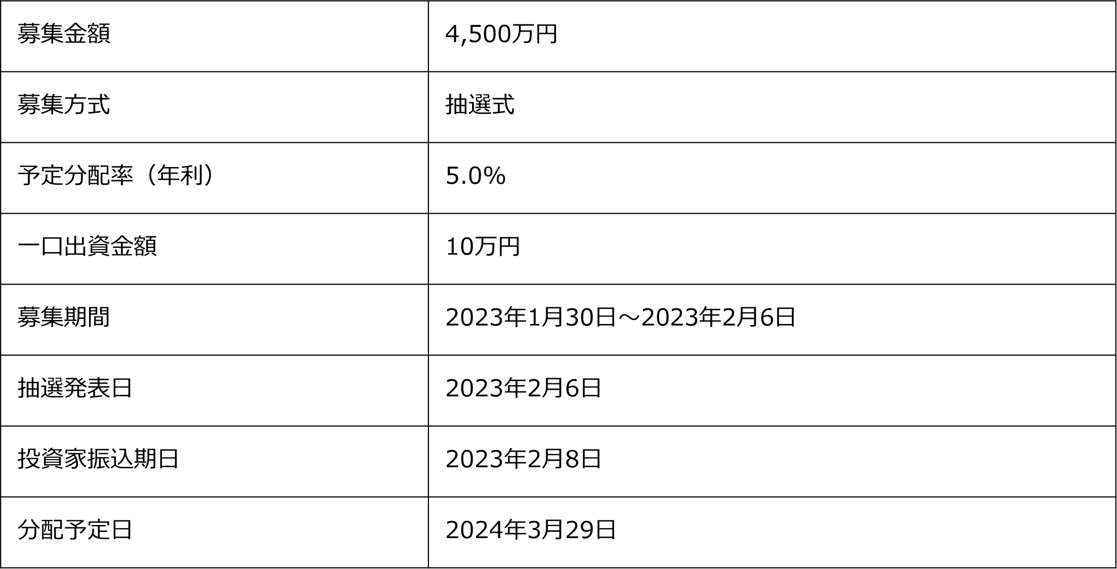 優先劣後方式により、投資家の皆様へは優先出資分として450口を募集します。一方、当社はファンド全体の 調達額の11%にあたる300口を劣後出資で行います。万一、損失が発生した場合、当社が先に損失部分を負担しますので、投資家の皆様は、当社より優先して出資金の返還を受けることができます。
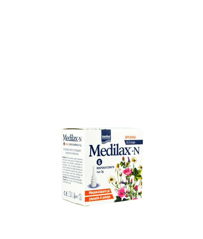 Τα ιατροτεχνολογικά προϊόντα MEDILAX®-N μικροκλύσματα περιέχουν φυσικά εκχυλίσματα χαμομηλιού και μολόχας και προορίζονται για την ανακούφιση από τη δυσκοιλιότητα.
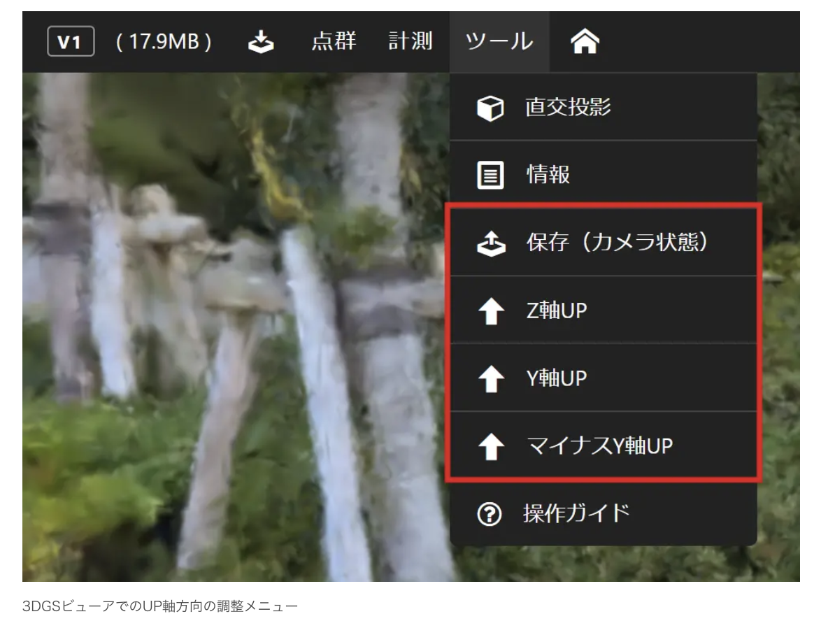 - 鉛直方向の調整: 3DGSデータで定義されていない「上方向(UP軸)」をWeb上で簡単に補正・保存可能。
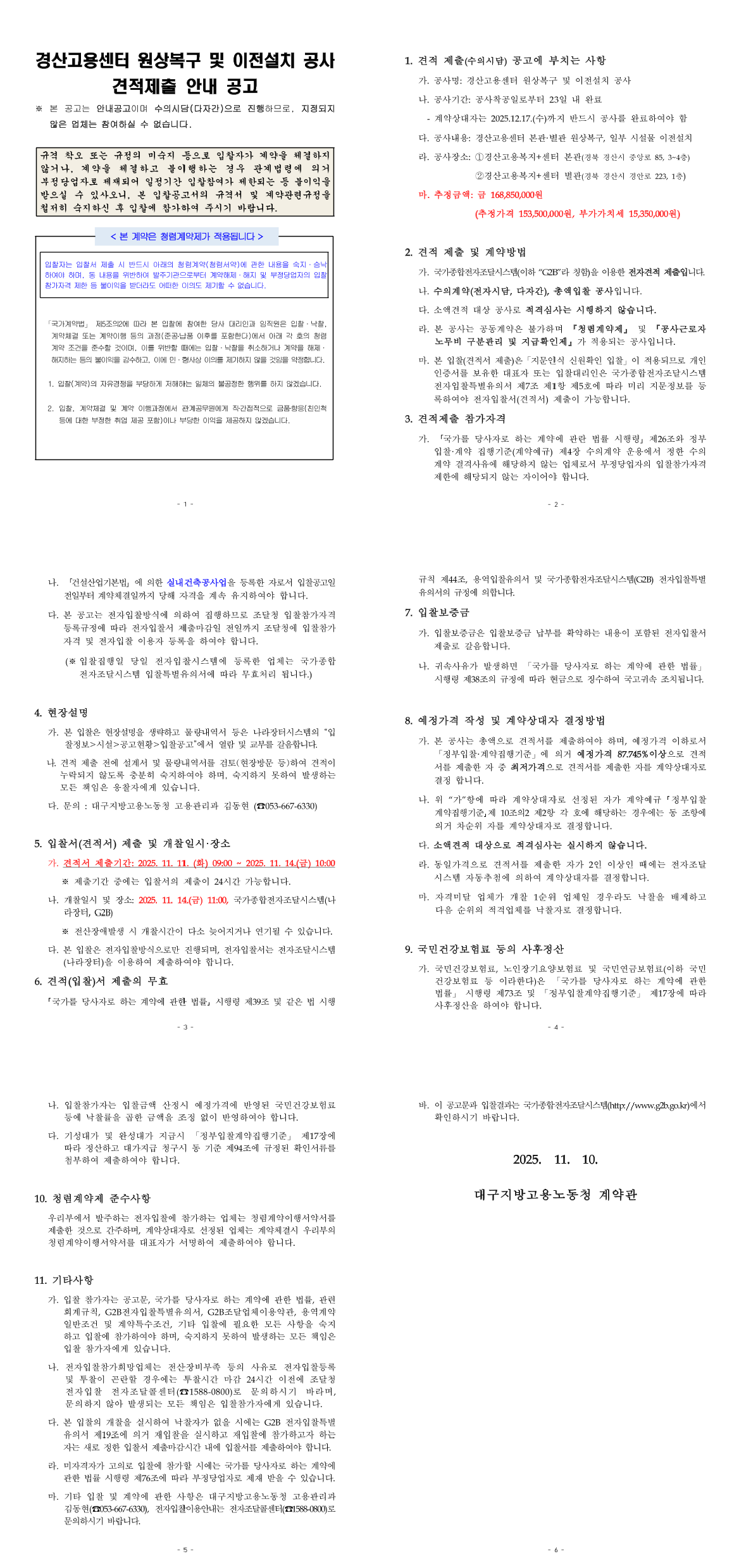 경산고용센터 원상복구 및 이전설치 공사 견적 제출(수의시담) 공고 |

Exercise objective :: Output the material word for word, and keep the pictures out.

The completed task ::
 優先劣後方式により、投資家の皆様へは優先出資分として450口を募集します。一方、当社はファンド全体の 調達額の11%にあたる300口を劣後出資で行います。万一、損失が発生した場合、当社が先に損失部分を負担しますので、投資家の皆様は、当社より優先して出資金の返還を受けることができます。
 Τα ιατροτεχνολογικά προϊόντα MEDILAX®-N μικροκλύσματα περιέχουν φυσικά εκχυλίσματα χαμομηλιού και μολόχας και προορίζονται για την ανακούφιση από τη δυσκοιλιότητα.
 - 鉛直方向の調整: 3DGSデータで定義されていない「上方向(UP軸)」をWeb上で簡単に補正・保存可能。
 경산고용센터 원상복구 및 이전설치 공사 견적 제출(수의시담) 공고 |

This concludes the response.